With the new architecture, Lavabit will no longer be able to hand over its SSL key, because the key is now stored in a hardware security module — a tamper-resistant device that provides a secure enclave for storing keys and performing sensitive functions, like encryption and decryption. Lavabit generates a long passphrase blindly so the company doesn’t know what it is; Lavabit then inserts the key into the device and destroys the passphrase.
“Once it’s in there we cannot pull that SSL key back out,” says Sean, a Lavabit developer who asked to be identified only by his first name. (Many of Lavabit’s coders and engineers are volunteers who work for employers who might not like them helping build a system that thwarts government surveillance.)
If anyone does try to extract the key, it will trigger a mechanism that causes the key to self-destruct.
The hardware security module is a temporary solution, however, until end-to-end encryption is available, which will encrypt email on the user’s device and make the SSL encryption less critical.
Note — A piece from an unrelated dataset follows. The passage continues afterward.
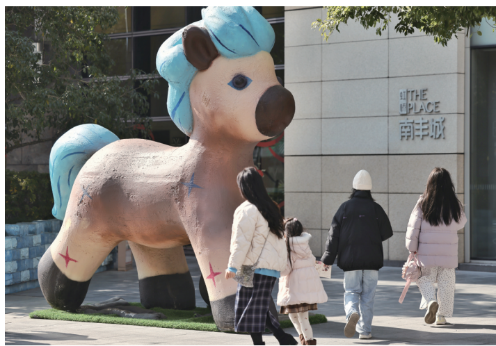
南丰城里年味满满，各种“马”的造型装置吸引众多市民驻足。

Once Lavabit becomes open to new users, customers will have three modes of service to choose from: Trustful, Cautious, and Paranoid.
Trustful is aimed at people who don’t have a lot of risk and want ease of use. It works a lot like the old Lavabit, where the email encryption is done on Lavabit’s server.
Users have to trust that Lavabit has designed the system so the company can’t obtain their password and see their communications. For many, Levison’s decision to shut down his business to defy the feds is enough to earn their trust. But Levison and his team have made the code for their server open source, so users can see how it’s designed and verify the architecture prevents the company from learning their passwords.
If someone doesn’t want Lavabit running the server, they can also download the open-source software and install it on a server of their own.
“What other encrypted messaging system allows you to download the server and use it yourself?” Levison asks.
For people who don’t want to trust Lavabit and don’t want to run their own server, Cautious mode will offer end-to-end encryption. This moves encryption off the server and onto the user’s device. It’s designed for people who want more security and the ability to easily use their account on multiple devices, such as a phone, laptop, and desktop computer.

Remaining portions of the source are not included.